**Your assignment**:
Each of the entries below is to be written out exactly, and the images skipped.

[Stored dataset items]
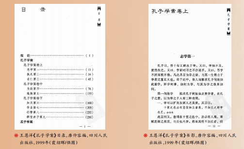 自余记孔子之言行学说者,有《论语》《孔子家语》《孔子集语》诸书,及《史记·孔子世家》。于中《家语》伪作,《集语》乃清人杂采诸子百家之言而糅合之者。少年皆曾一读,病其驳杂不纯,不足以尊显圣学,反而乱之,是以不取……今之学案,释经义皆采自该疏而加以条贯系统。故能事半功倍,而早日告成。为时共三十日,共十余万言。集中心力以为之也。
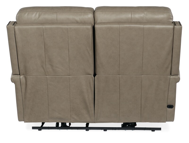 In a chic transitional, well-tailored design, the Vaughn Zero Gravity Loveseat with Power Headrest is offered in the finished top grain leather called Shattered Stone. Reclining at the touch of a button with a zero-gravity feature that gives you the feeling of being suspended in air for maximum comfort, the recliner has a bustle-style back and vintage gold nailhead trim. Includes USB port to charge your device while you relax.
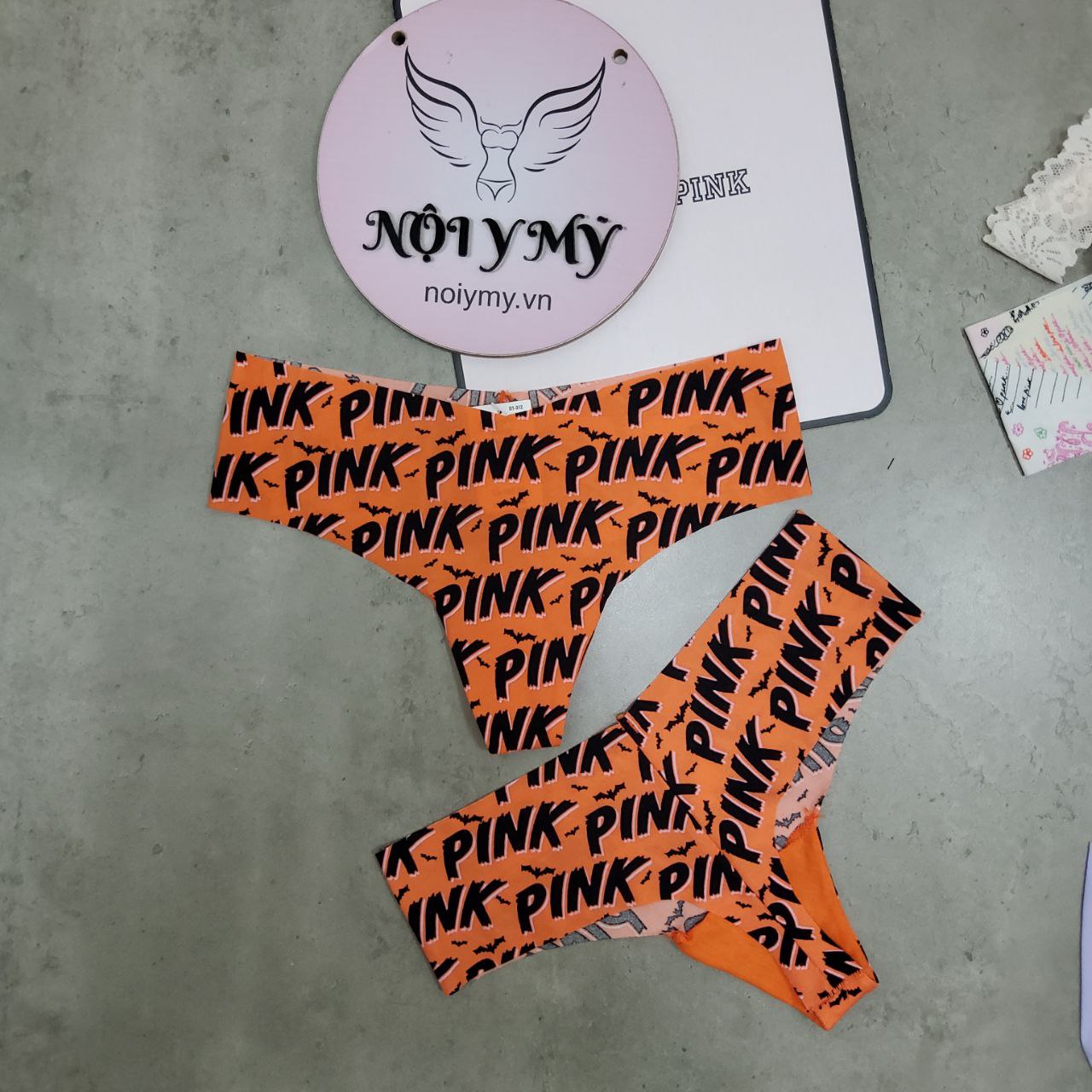 Quần lót Pink lọt khe lưng cao thun lạnh không viền màu cam hoạ tiết 27083371
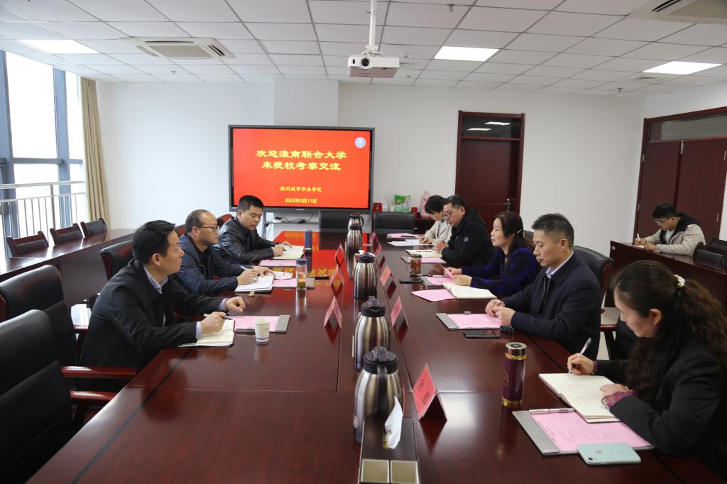 3月11日下午,淮南联合大学副校长罗鸿、学生处处长程李平、教务处处长黄伟一行3人到我校考察交流。校党委委员、副校长吴惠珍,党委委员、学生处处长杨如江,党委委员、教育学院院长高国柱,教务处副处长金虹及相关部门负责人参加交流会。会议由吴惠珍主持。
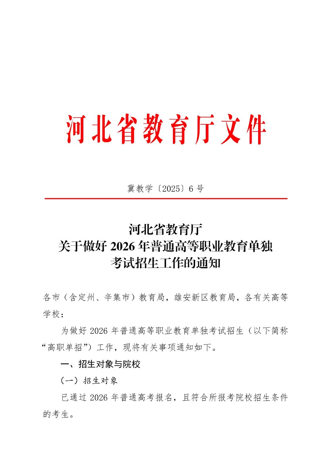 河北省教育厅关于做好2026年普通高等职业教育单独考试招生工作的通知
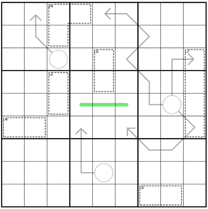 German whisper lines: Values of consecutive cells on the green line differ by at least 5.
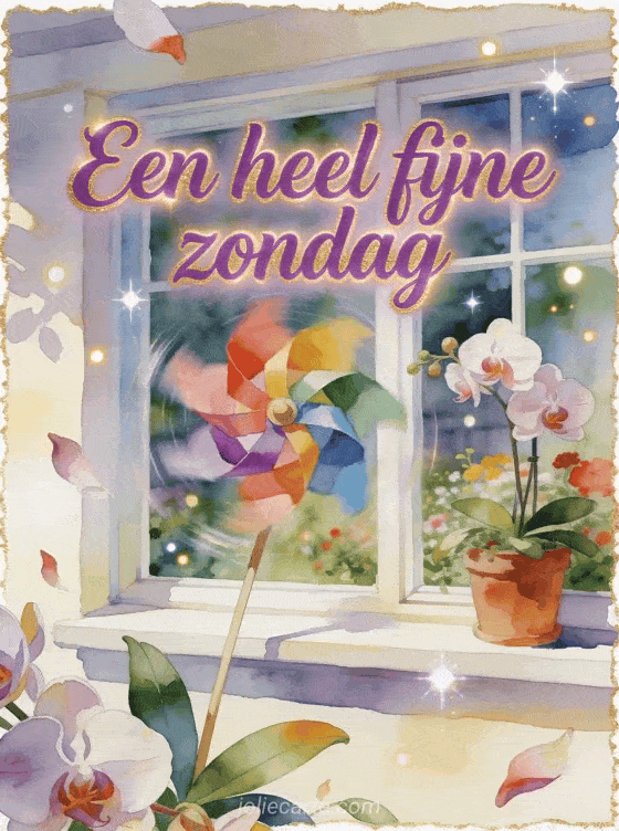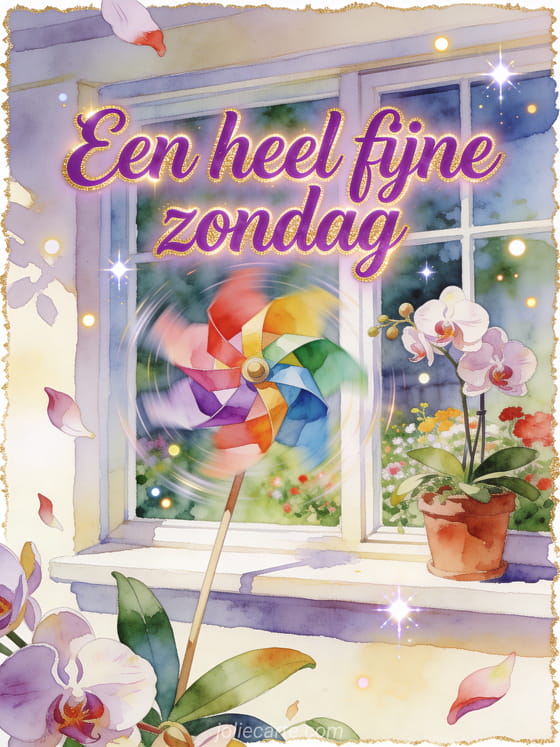 Vier zondag met een heldere aquarelkaart met een kleurrijk papieren windmolentje, orchideeën en een zonnige vensterbank in de tuin. Je kunt ook fijne zondag vrienden gif sturen, fijne zondag strand gif delen of fijne zondag allemaal afbeeldingen kiezen.

**Output for this exercise**:
 自余记孔子之言行学说者,有《论语》《孔子家语》《孔子集语》诸书,及《史记·孔子世家》。于中《家语》伪作,《集语》乃清人杂采诸子百家之言而糅合之者。少年皆曾一读,病其驳杂不纯,不足以尊显圣学,反而乱之,是以不取……今之学案,释经义皆采自该疏而加以条贯系统。故能事半功倍,而早日告成。为时共三十日,共十余万言。集中心力以为之也。
 In a chic transitional, well-tailored design, the Vaughn Zero Gravity Loveseat with Power Headrest is offered in the finished top grain leather called Shattered Stone. Reclining at the touch of a button with a zero-gravity feature that gives you the feeling of being suspended in air for maximum comfort, the recliner has a bustle-style back and vintage gold nailhead trim. Includes USB port to charge your device while you relax.
 Quần lót Pink lọt khe lưng cao thun lạnh không viền màu cam hoạ tiết 27083371
 3月11日下午,淮南联合大学副校长罗鸿、学生处处长程李平、教务处处长黄伟一行3人到我校考察交流。校党委委员、副校长吴惠珍,党委委员、学生处处长杨如江,党委委员、教育学院院长高国柱,教务处副处长金虹及相关部门负责人参加交流会。会议由吴惠珍主持。
 河北省教育厅关于做好2026年普通高等职业教育单独考试招生工作的通知
 German whisper lines: Values of consecutive cells on the green line differ by at least 5.
 Vier zondag met een heldere aquarelkaart met een kleurrijk papieren windmolentje, orchideeën en een zonnige vensterbank in de tuin. Je kunt ook fijne zondag vrienden gif sturen, fijne zondag strand gif delen of fijne zondag allemaal afbeeldingen kiezen.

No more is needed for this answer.